FI94672C - Splitter mantle for an explosive body and process for its preparation - Google Patents

Description

94672

Fragment sheath for metallic explosive articles and method of making the same

TECHNICAL FIELD The present invention relates to a fragmented sheath for an explosive Cape, in particular a projectile, a grenade or a mine, comprising a one-piece hollow body with nominal breaking points. The invention further relates to a method for producing said fragment sheath.

10 Background Art

A method is known for providing ammunition, grenades or mines with a hollow body shell built into a hollow body, in which an explosive charge is placed and which is to disintegrate into as many chip pieces as possible in the event of an explosion. To facilitate the disintegration of the fragment sheath, it is usually provided with nominal breaking points. However, at the nominal fracture points formed in the groove of the fragment sheath, part of the possible total mass of the fragment sheath (relative to its size) is lost.

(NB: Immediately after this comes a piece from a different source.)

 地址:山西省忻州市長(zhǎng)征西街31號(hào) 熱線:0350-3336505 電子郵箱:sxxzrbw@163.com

In order to avoid this loss of mass, at least in part 20, e.g. as follows:

To make a splinter sheath, a wire with a rectangular cross-section, either with a single-sided (EP-B1-0 030 809) or double-sided (US-H238) notch, is wound in its longitudinal direction into a helix so that the threads are completely attached to each other, leaving no gap and no mass between them. disappearance. The threads are then joined together either by soldering (EP-B1-0 030 809) or by laser welding (US-H238). DE-OS 32 21 565 also has a helical fragment sheath. DE-U1-84 27 962.1 30 discloses a fragmentary sheath which consists of closely spaced rings of rectangular cross-section located on top of a support body. DE-U1-84 27 781.5 has a battle tip, the cover of which contains cracks caused by grooves milled in the wall of the battle tip guard when the crimp tip guard is compressed.

However, the production of fragmentary sheaths of the above-mentioned type, especially a shredded sheath comprising rings, is very laborious.

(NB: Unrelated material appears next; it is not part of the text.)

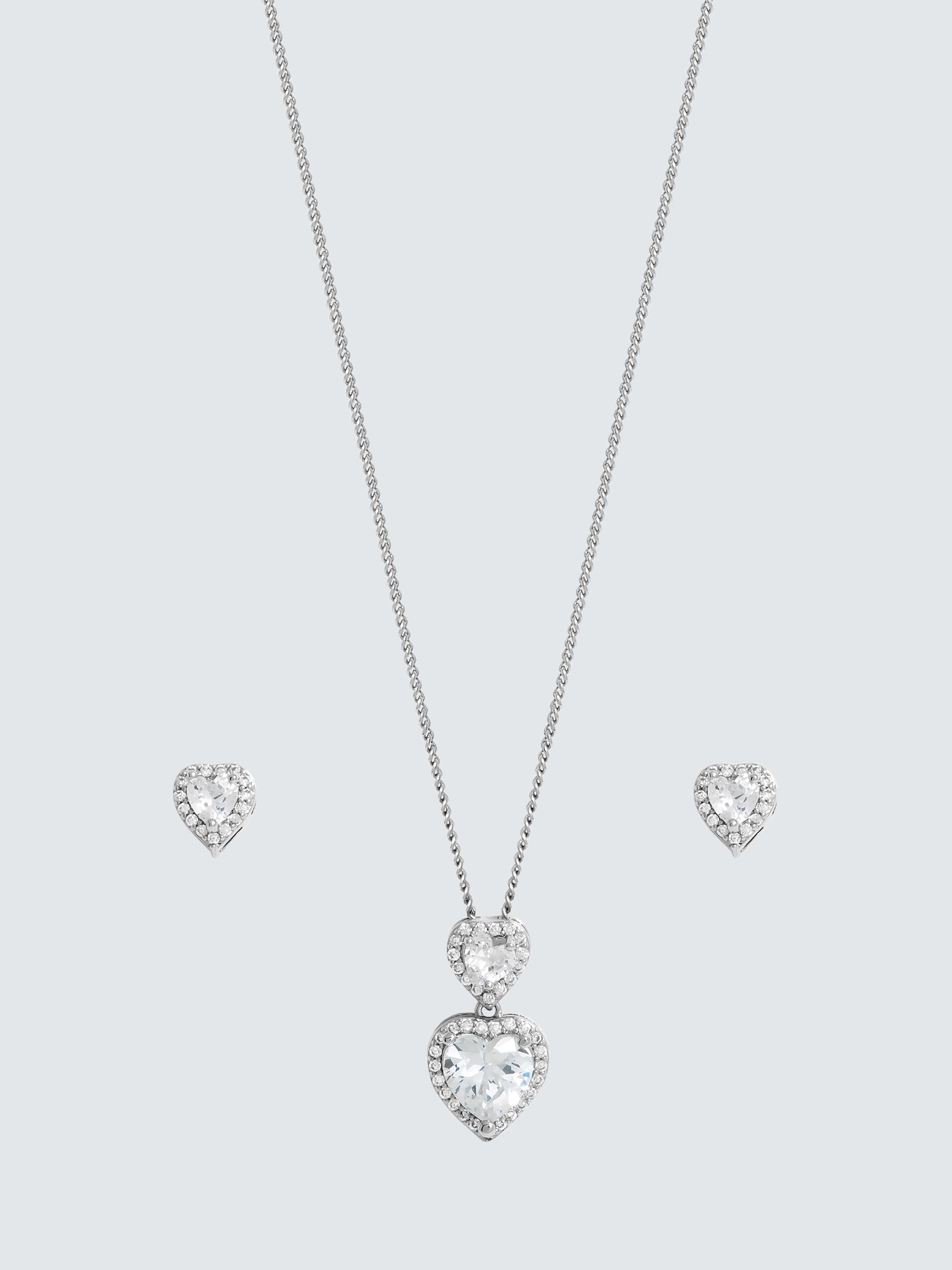 Jon Richard Sparkling Double Heart Boxed Jewellery Set Silver

5 Description of the invention

The object of the invention is to provide a fragment sheath of the type described which can be produced substantially more rationally and with less work.

According to the present invention, this object is solved by means of a fragmentary sheath 10, the features of which are given in claim 1. According to this solution, at least one part of the hollow body is subjected to a separating groove cutting, the cutting being performed so as to remain a single Kap-15 piece. In the separating groove, the adjacent separating cutting surfaces are placed against each other and fixed in the co-pushed position.

Preferred or preferred interpretations of the invention are set out in the dependent claims 2-18.

It is a further object of the invention to provide a particularly well-suited method for manufacturing said fragment sheath.

This object is solved by the method described in claims 19 or 20.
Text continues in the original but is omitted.